--- PROVIDED MATERIAL ---
Content starts

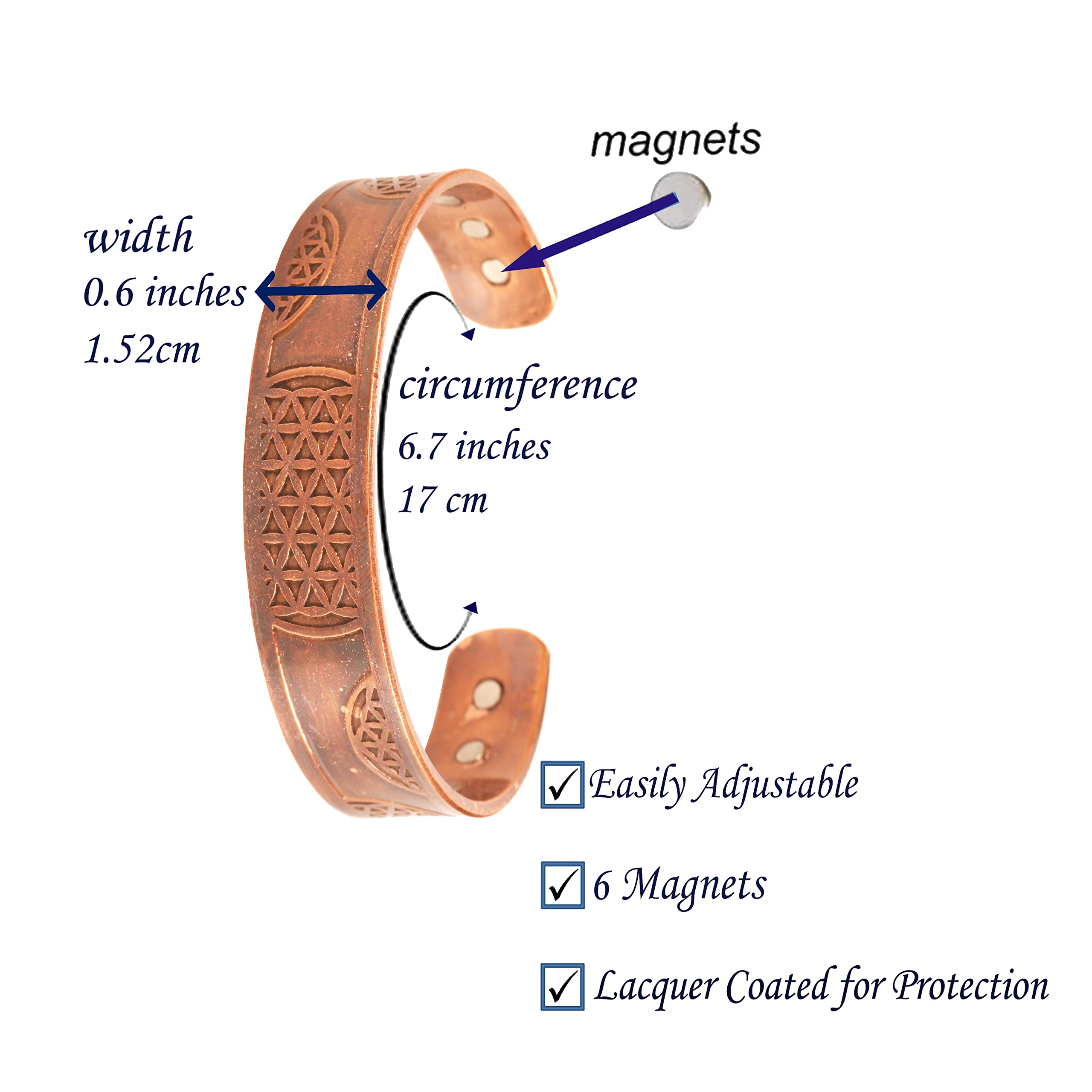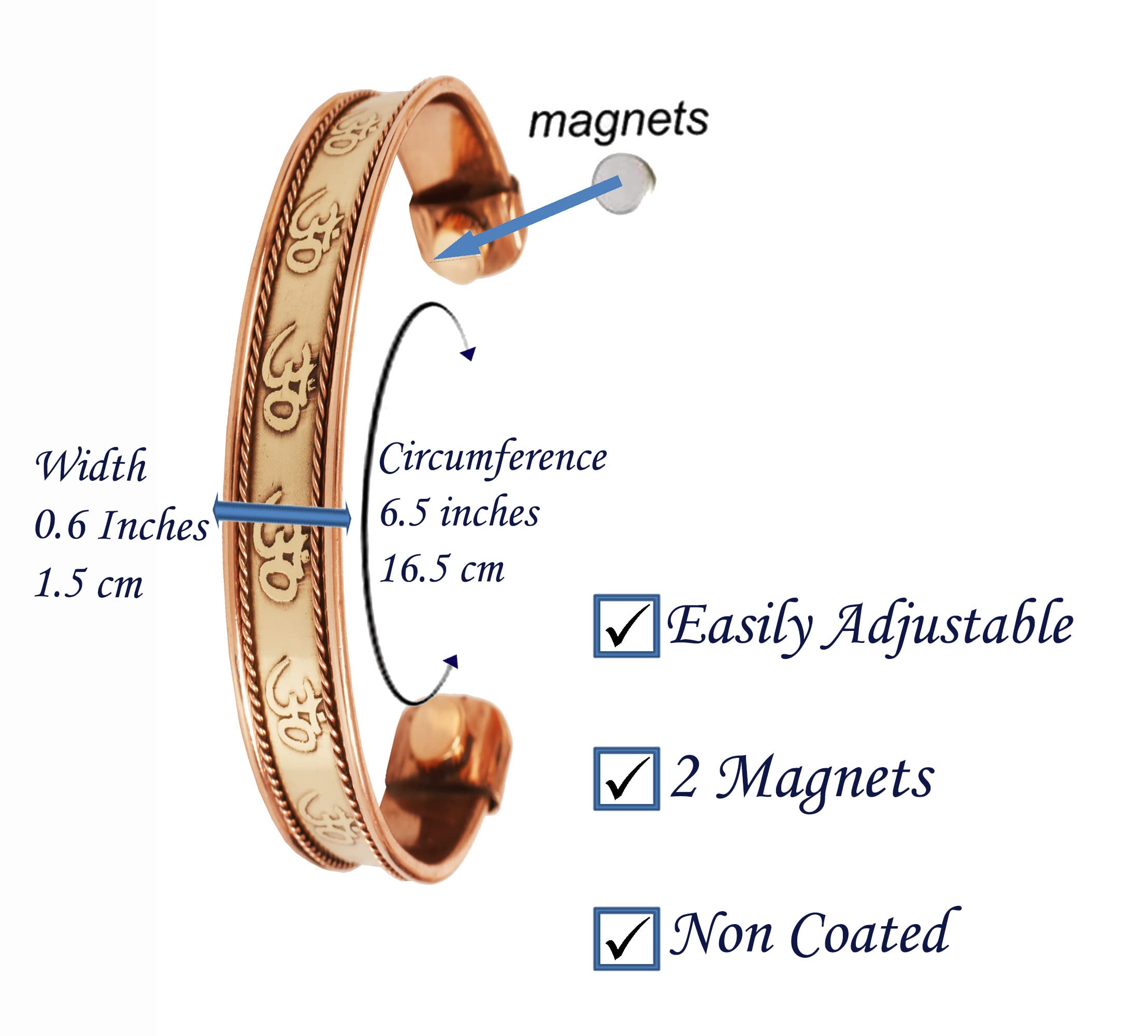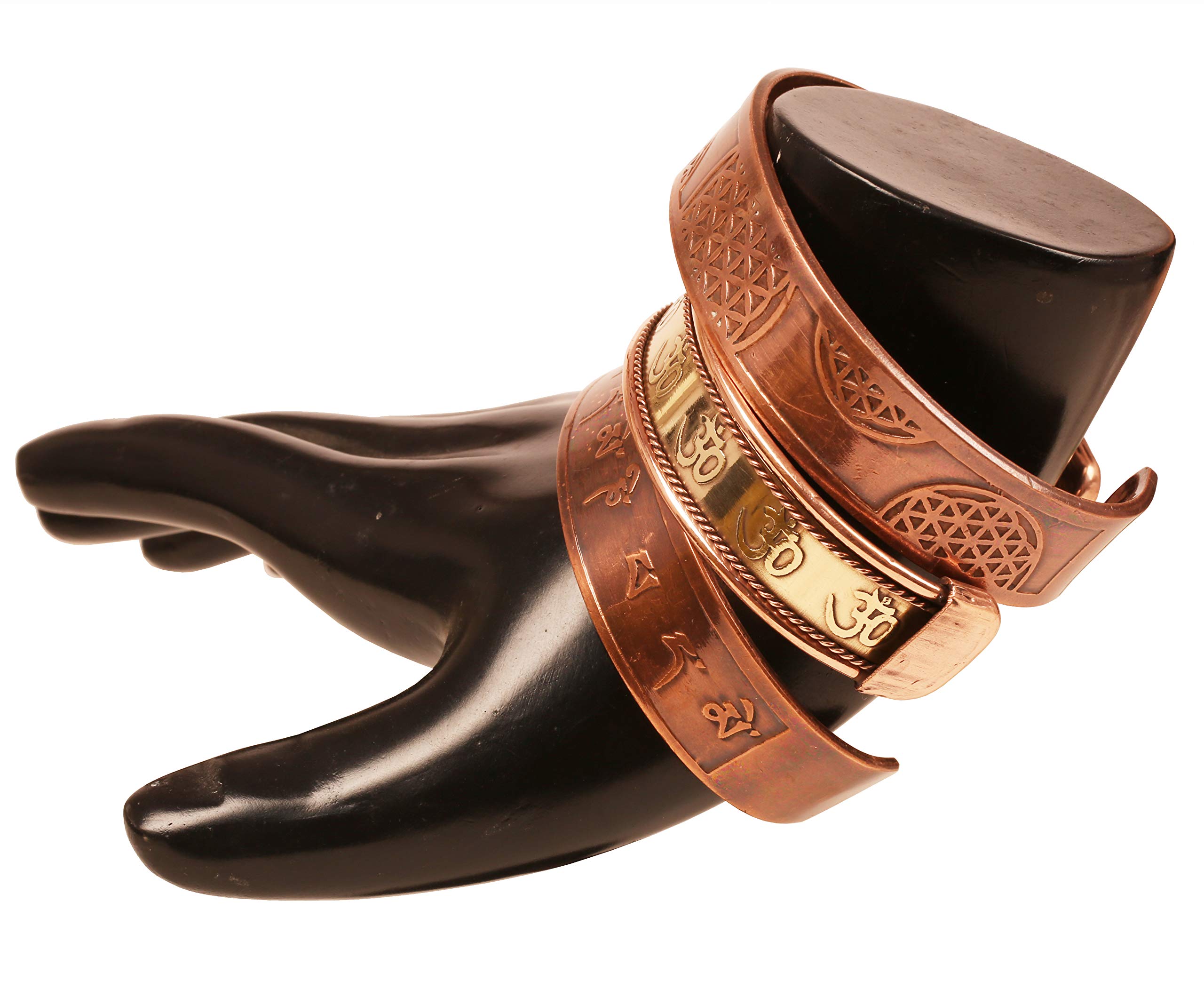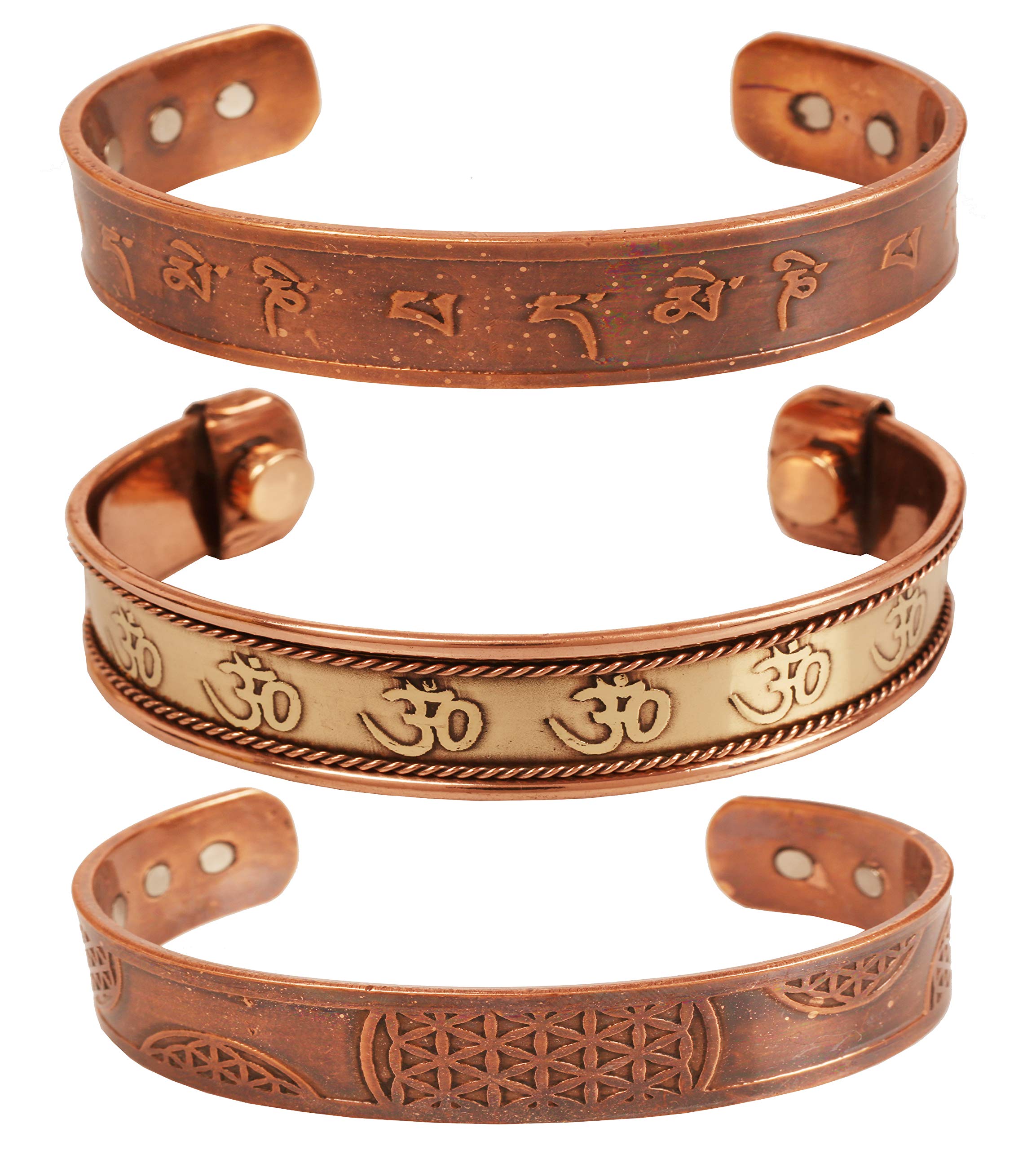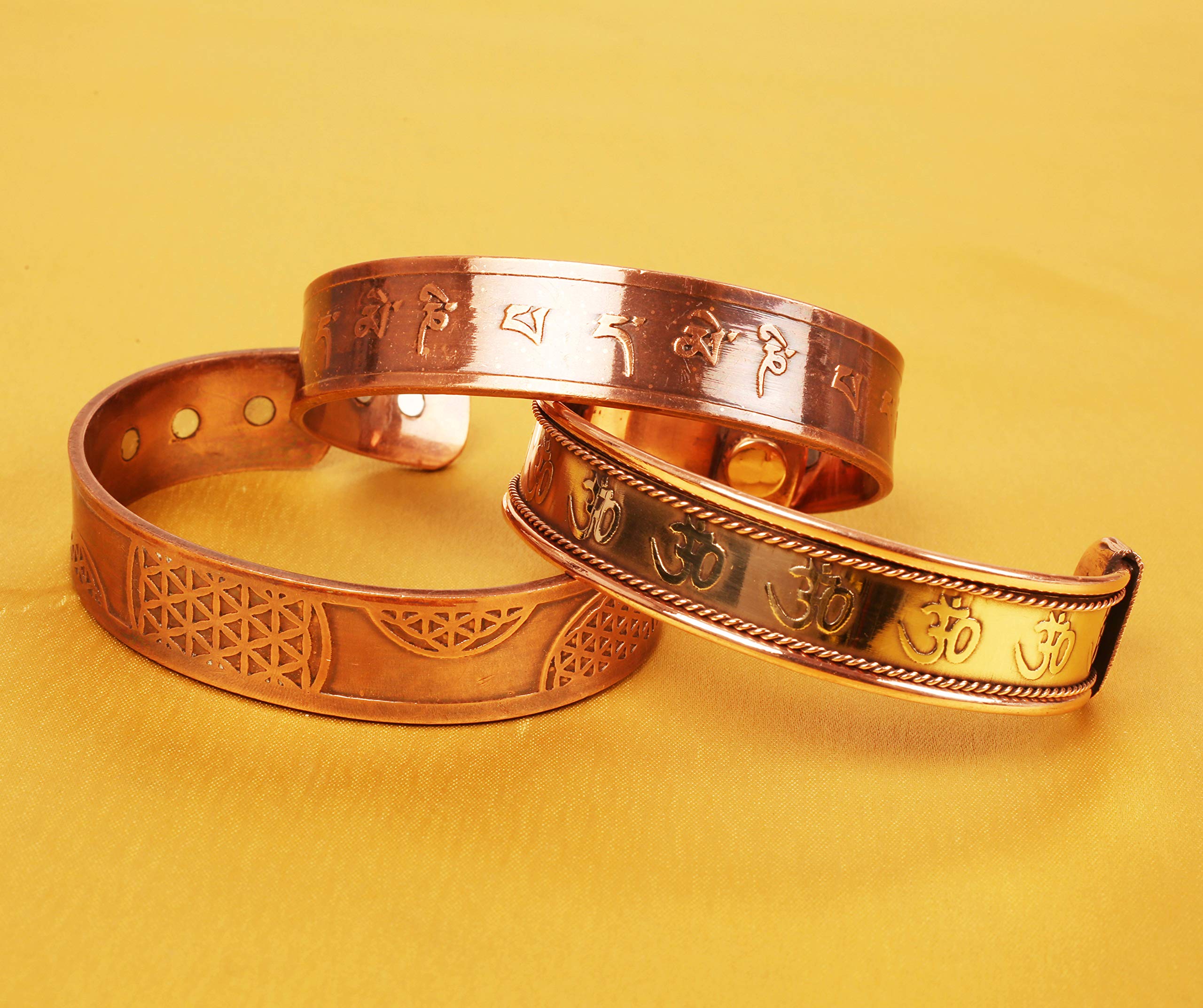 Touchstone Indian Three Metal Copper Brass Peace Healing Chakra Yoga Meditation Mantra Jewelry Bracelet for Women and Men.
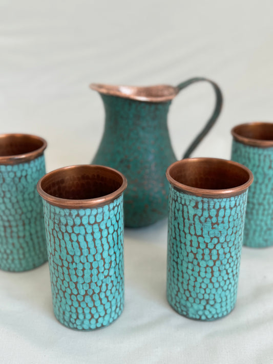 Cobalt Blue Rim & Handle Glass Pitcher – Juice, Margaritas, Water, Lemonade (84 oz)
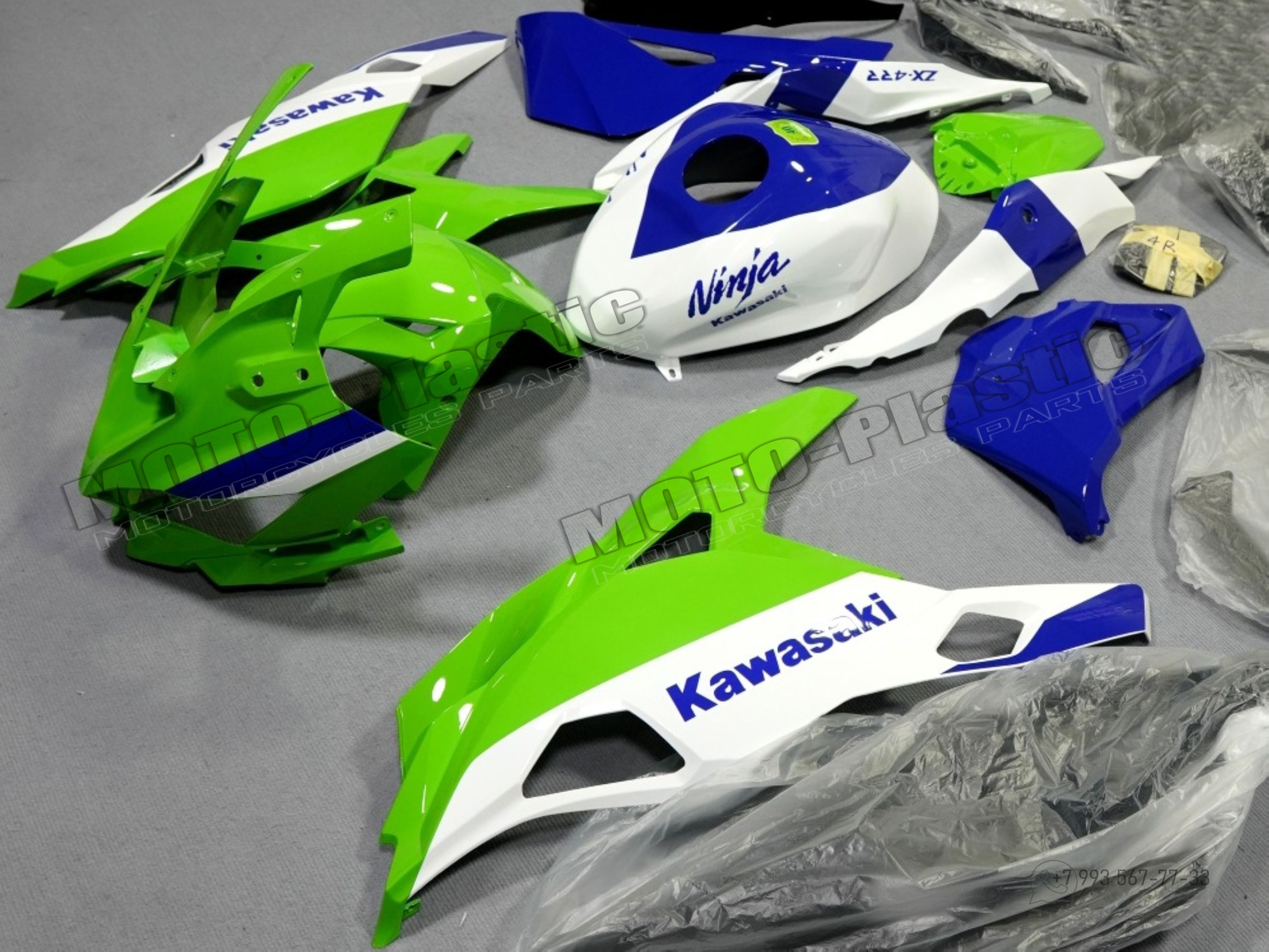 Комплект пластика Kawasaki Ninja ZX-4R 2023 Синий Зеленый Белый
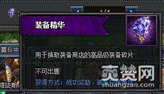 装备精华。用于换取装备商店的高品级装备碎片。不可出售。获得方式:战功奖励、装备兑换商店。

Content ends

--- REQUIREMENT ---
Return the listing above unaltered, omitting its pictures.

--- REPLY ---
 Touchstone Indian Three Metal Copper Brass Peace Healing Chakra Yoga Meditation Mantra Jewelry Bracelet for Women and Men.
 Cobalt Blue Rim & Handle Glass Pitcher – Juice, Margaritas, Water, Lemonade (84 oz)
 Комплект пластика Kawasaki Ninja ZX-4R 2023 Синий Зеленый Белый
 装备精华。用于换取装备商店的高品级装备碎片。不可出售。获得方式:战功奖励、装备兑换商店。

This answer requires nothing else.